Una estrella errante. Prólogo a Estrella roja, de Alexandr Bogdánov, editado por Ediciones ryr
La diferencia entre hacer la revolución y construir el socialismo, tan clara para Bogdánov, no tiene cabida en la izquierda revolucionaria, que, a fuerza de realismo, se ha olvidado del socialismo. La reconstrucción de ese sueño es parte esencial de la tarea que nos espera.
Eduardo Sartelli
Razón y Revolución
La biografía del filósofo soviético es relativamente sencilla, aunque plena de avatares. Bielorruso, nacido en familia de maestros rurales en 1873, Aleksander Malinovsky estudió medicina mientras militaba en Narodnaya Volia, la organización populista, sufriendo cárceles y sucesivas deportaciones. Rápidamente se pasó a la socialdemocracia marxista y comenzó su larga carrera como propagandista, adoptando el apellido de su compañera, Natalia Bogdanovina.

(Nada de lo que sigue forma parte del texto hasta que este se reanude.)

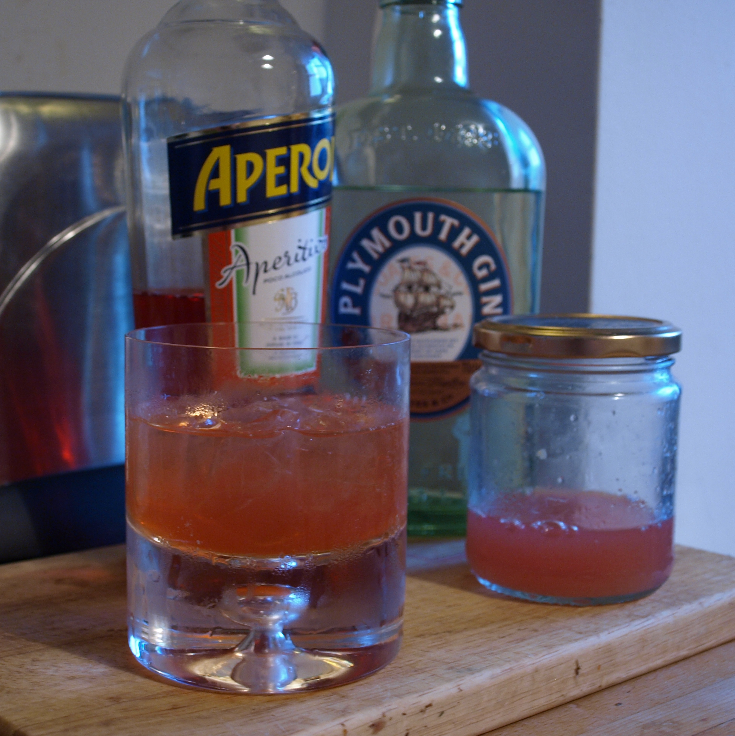 My love of cocktails is matched only by my laziness and hatred of washing up. So things I can make in a one glass are a thing of beauty, especially on Friday nights! This drink isn’t my idea, it was godchild number 3 (Luc). There is rhubarb in his garden and he made a rhubarb syrup from Small Adventures in Cooking to drink with fizzy water. He had us try this and mentioned that it’s actually for adding to a G&T. Which got his grandfather thinking and there was no tonic (which is quite shocking) so we did without and added a tiny bit of Aperol. Luc didn’t get to taste but we all thought it was rather good.

Dentro de la socialdemocracia se convertirá en aliado fundamental de Lenin y será, consecuentemente, uno de los fundadores del bolchevismo, siendo en su interior tan importante como aquél. De papel destacado en la Revolución de 1905, saldrá de ella con posiciones que Lenin caracterizará como ultraizquierdistas. Su grupo pasará a llamarse “otzovista” (“ultimatista”) por exigir el retiro de los diputados socialdemócratas de la Duma, y con él disputará la dirección de Lenin. El partido se romperá en 1908, guardando Bogdánov por un momento la mayoría. Sin embargo, su facción será expulsada por los leninistas al año siguiente. A partir de allí, se concentrará en la organización de escuelas de formación de cuadros, apoyado por Gorki, en Italia. El núcleo de su concepción ahora se encuentra en el problema del papel de la conciencia en el proceso revolucionario. Un grupo importante de dirigentes bolcheviques lo acompaña en la experiencia (Pokrovski, Lunatcharski, Gastev, Kollontai, etc.) e incluso personalidades sueltas del mundillo socialdemócrata europeo (Trotsky, por ejemplo), mientras otras se abstienen para no entrar en la rencilla interna rusa (Kautsky, Luxemburgo).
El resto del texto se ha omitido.